5

suppose the code does the following:

T *pointer = new T();
delete static_cast<void*>(pointer);

what is result? Undefined, memory leak, memory is deleted?

Brian Tompsett - 汤莱恩
  • 5,753
  • 72
  • 57
  • 129
Anycorn
  • 50,217
  • 42
  • 167
  • 261
  • Practically speaking, the memory will be freed without any destructor being called. Of course, this isn't standard behavior. – zildjohn01 Apr 25 '10 at 18:31
  • The other possible result would be a failed compile, ideally that should be what happens but not sure if fails to compile. – CashCow Mar 08 '11 at 11:49

2 Answers2

8

The behavior is undefined. Concerning the delete expression, the C++ standard says:

In the first alternative (delete object), if the static type of the operand is different from its dynamic type, the static type shall be a base class of the operand’s dynamic type and the static type shall have a virtual destructor or the behavior is undefined. In the second alternative (delete array) if the dynamic type of the object to be deleted differs from its static type, the behavior is undefined. (§5.3.5/3)

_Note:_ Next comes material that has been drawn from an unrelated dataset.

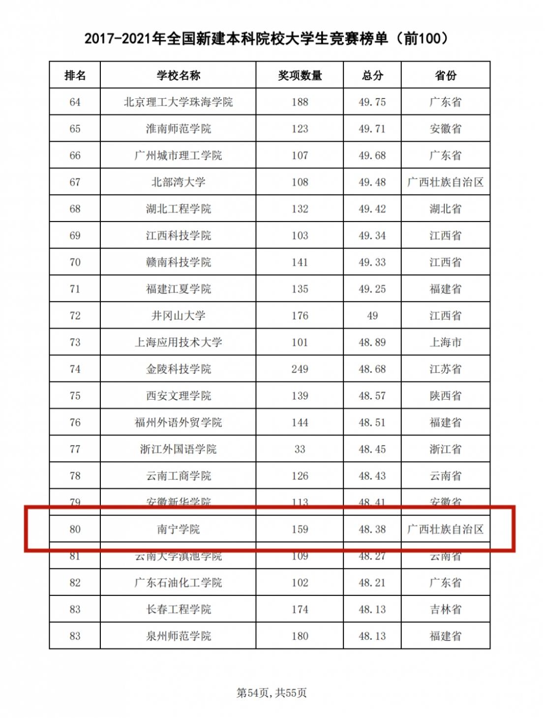 在“2017-2021年全国新建本科院校大学生竞赛榜单”中,南宁学院以48.38分的成绩在同类院校中排名第80位,闯入全国百强!

Then the footnote to this paragraph clearly states:

This implies that an object cannot be deleted using a pointer of type void* because there are no objects of type void (note 73).

James McNellis
  • 348,265
  • 75
  • 913
  • 977
  • Yep, `+1` from me. As for what _UB_ means: http://stackoverflow.com/questions/1553382/pod-freeing-memory-is-delete-equal-to-delete/1553407#1553407 `:)` – sbi Jan 13 '11 at 17:28
1

Deleting via a void pointer is undefined, as is doing anything else via a void pointer except explicitly converting it to another kind of pointer.